二月天 > 古代言情 > 婵音铮铮 > 第十七回:年猪肥美分杯羹

第十七回:年猪肥美分杯羹(2 / 2)

我爹看着儿子们,脸上露出了难得的、近乎纵容的笑容,呵呵两声:“买!过年嘛,该热闹热闹!”

最后,所有的目光,有意无意地,都落在了我这个一直沉默地站在角落、仿佛隐形人一般的“四丫头”身上。屋里短暂地安静了一下。

我娘像是才注意到我的存在,目光在我身上那件洗得发白、肘部磨得几乎透明的旧棉袄上扫过,语气平淡得像是在说一件与己无关的事情:

“婵音啊,”她顿了顿,似乎在寻找合适的措辞,“你的衣服……我看着还能将就穿。今年家里开销大,你弟弟们开春也要交学费了,能省则省吧。你的新衣裳,等明年,明年宽裕了再说。”

“明年再说”……这四个字,像四根冰冷的针,轻轻地,却准确地扎进了我心里最柔软的地方。又是这样。所有的资源和好处,似乎天然就该向着弟弟和能“撑门面”的姐姐倾斜,而我,永远是那个可以被无限期“节省”、被理所当然牺牲的对象。那块油光锃亮的五花肉,那即将变成新衣的卖兔毛钱,那热闹的鞭炮,都像是一面面清晰的镜子,照出了我在这家里的位置——一个无足轻重、可以被随意忽略的影子。

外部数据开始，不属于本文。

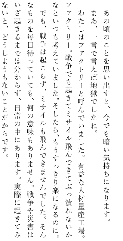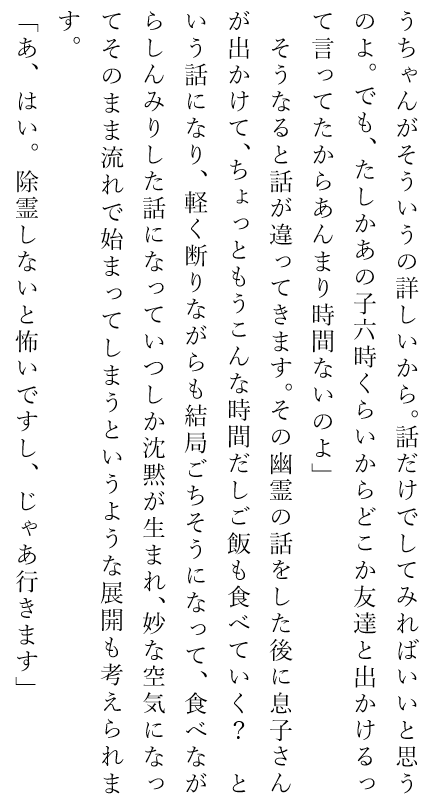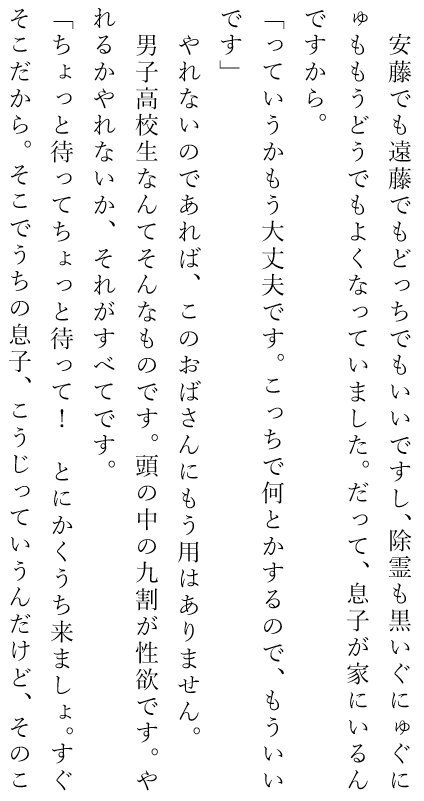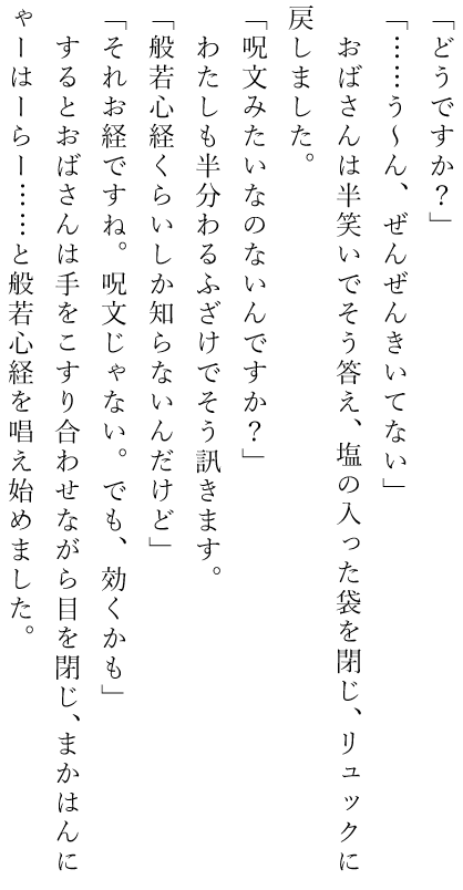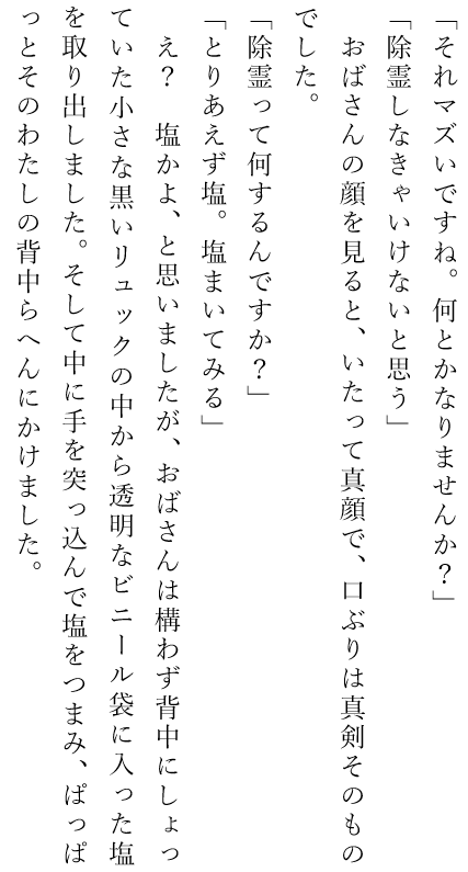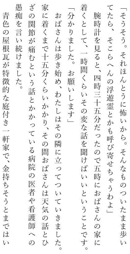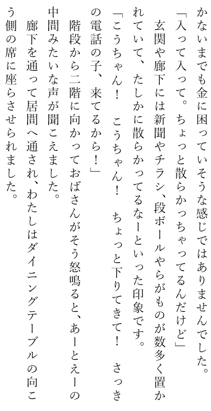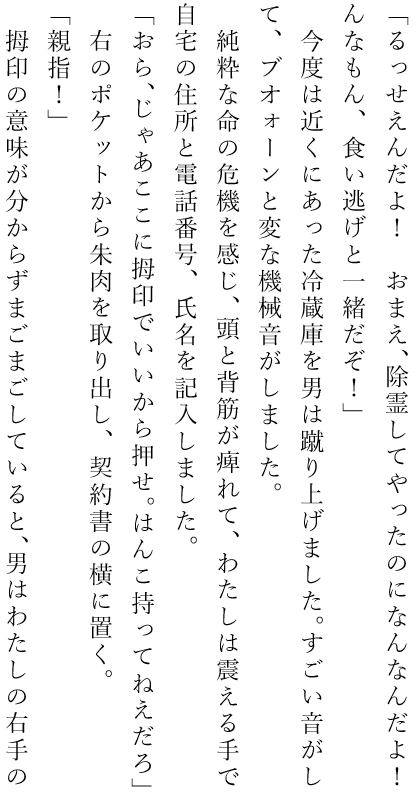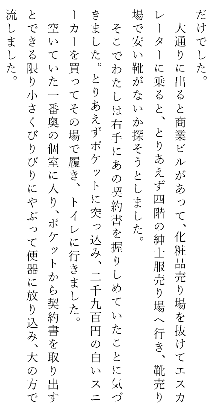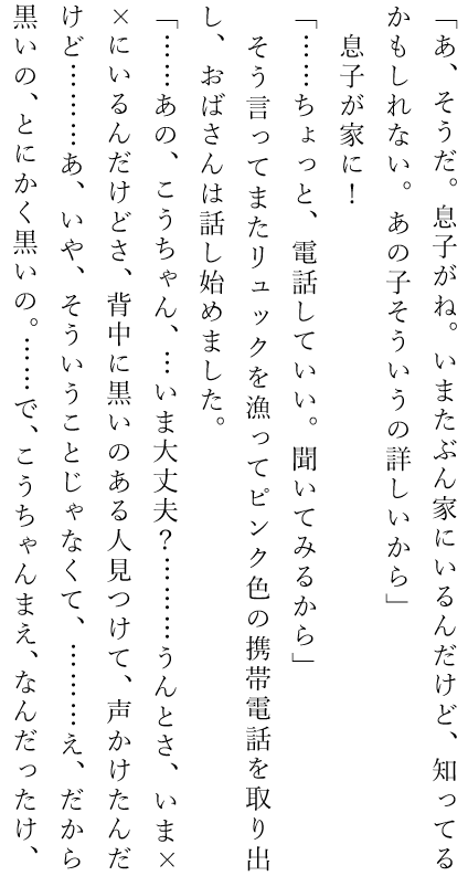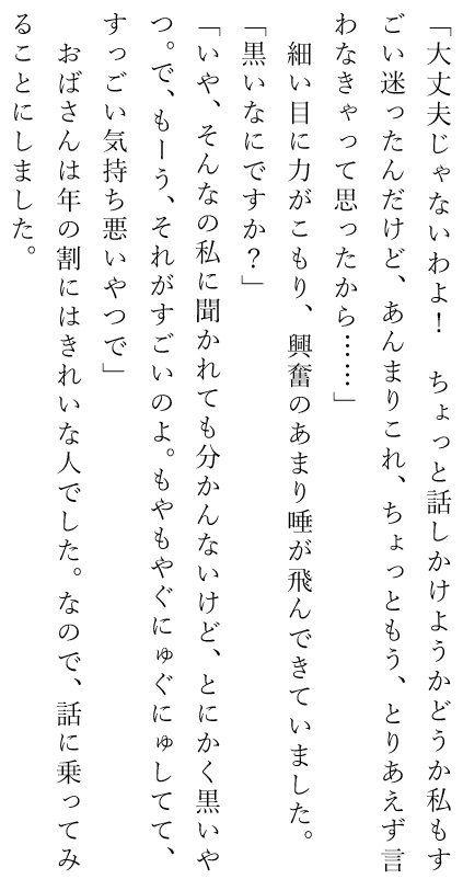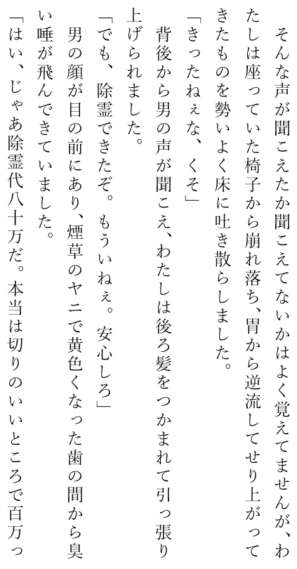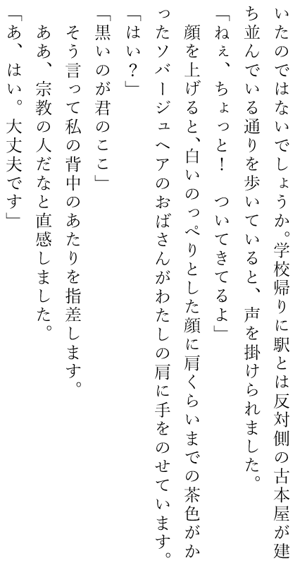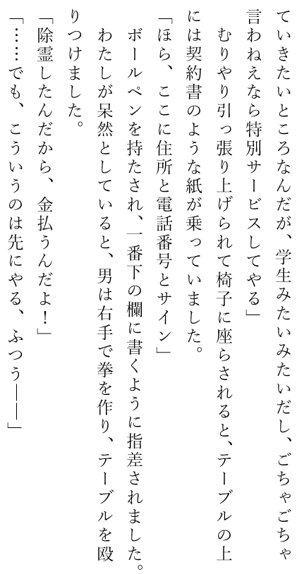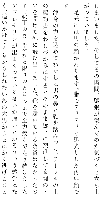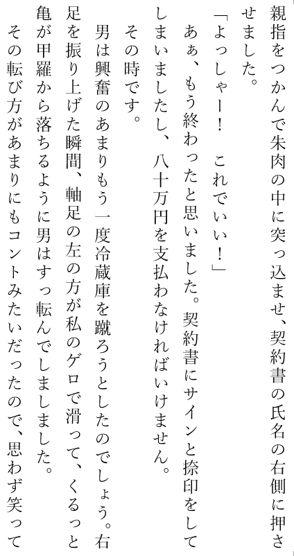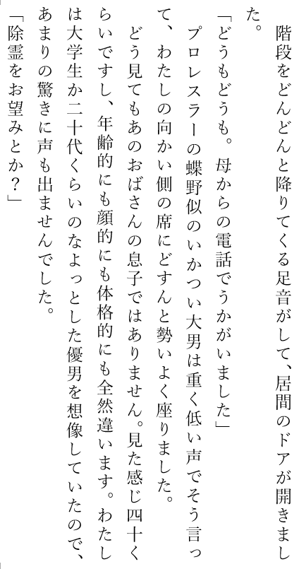 と言って男は軽く笑い、詳しくは面接の時に、ということになった。明日の十一時に面接を受けることになり、男は最後に広田と名乗った。

一股混合着失望、委屈和强烈不公的酸涩,猛地从心底涌了上来,堵在喉咙口,让我几乎无法呼吸。我死死地咬着下唇,低着头,看着自己露出脚趾的旧棉鞋鞋尖,努力不让眼眶里的湿意被人发现。

就在这片带着默契的沉默和我心里的惊涛骇浪即将把我淹没的时刻,一个一直蹲在墙角、仿佛与这屋里一切喧嚣都隔绝开的、佝偻的身影,动了一下。

是爷爷。

他慢慢地站起身,动作因为年迈而显得有些迟缓。他没有看那块肉,也没有看任何人,只是走到八仙桌旁,伸出那双干枯得像老树根的手,拿起那副猪下水,在里面拨弄了一下,准确地拎出了那个深红色的、拳头大小的猪心。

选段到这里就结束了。